====== DATASET RECORDS

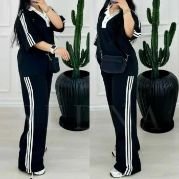 Contrast Collar 3-Stripe Style Western 2-Pcs Summer Tracksuit For Her. WSTS-06
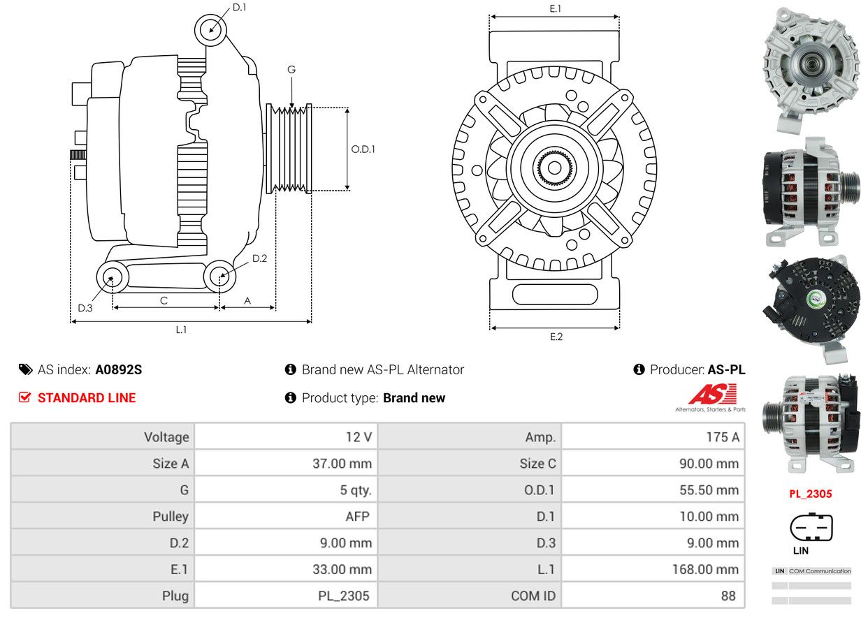 AS-PL Alternateur A0892S AS
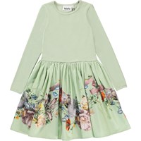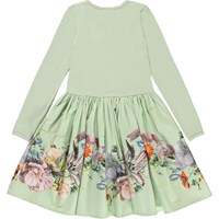 Casie er en mint grøn kjole med overdel i rib, lange ærmer, samt et feminint poplin skørt med print af flotte store blomster.
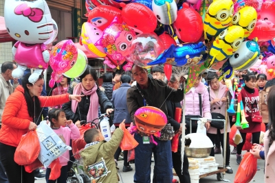 新春佳节,天气晴朗,温度适宜,市民纷纷携老扶幼出游。
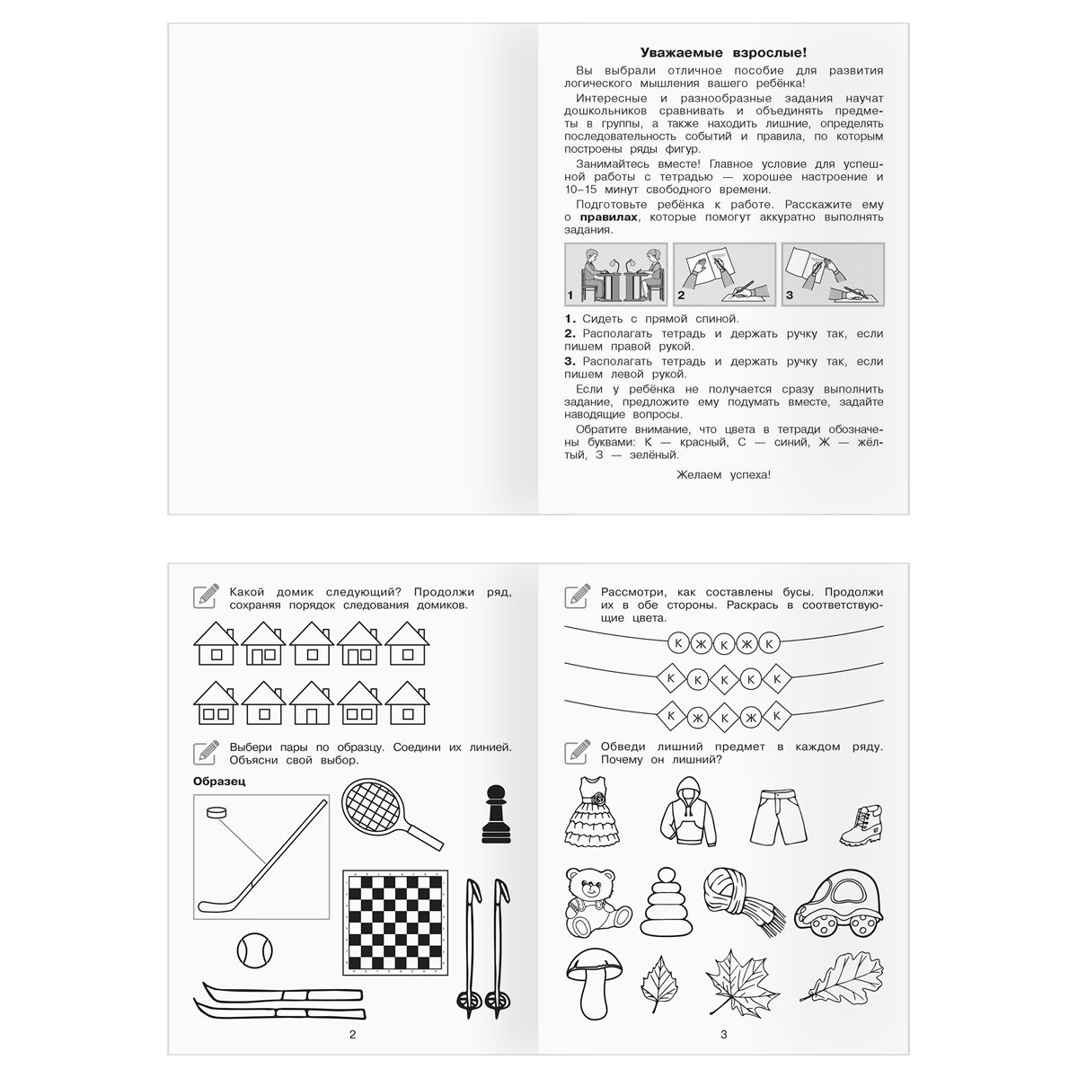 • «Развиваю логику» – пособие направлено на развитие логического мышления дошкольников. В него включены задания, направленные на развитие различных мыслительных операций. Дети научатся группировать объекты, устанавливать закономерности, понимать отрицание.

============

• **REQUIRED WORK**:
Please output all of the data exactly as given, omitting any images it holds.

• **FINISHED TASK**:
 Contrast Collar 3-Stripe Style Western 2-Pcs Summer Tracksuit For Her. WSTS-06
 AS-PL Alternateur A0892S AS
 Casie er en mint grøn kjole med overdel i rib, lange ærmer, samt et feminint poplin skørt med print af flotte store blomster.
 新春佳节,天气晴朗,温度适宜,市民纷纷携老扶幼出游。
 • «Развиваю логику» – пособие направлено на развитие логического мышления дошкольников. В него включены задания, направленные на развитие различных мыслительных операций. Дети научатся группировать объекты, устанавливать закономерности, понимать отрицание.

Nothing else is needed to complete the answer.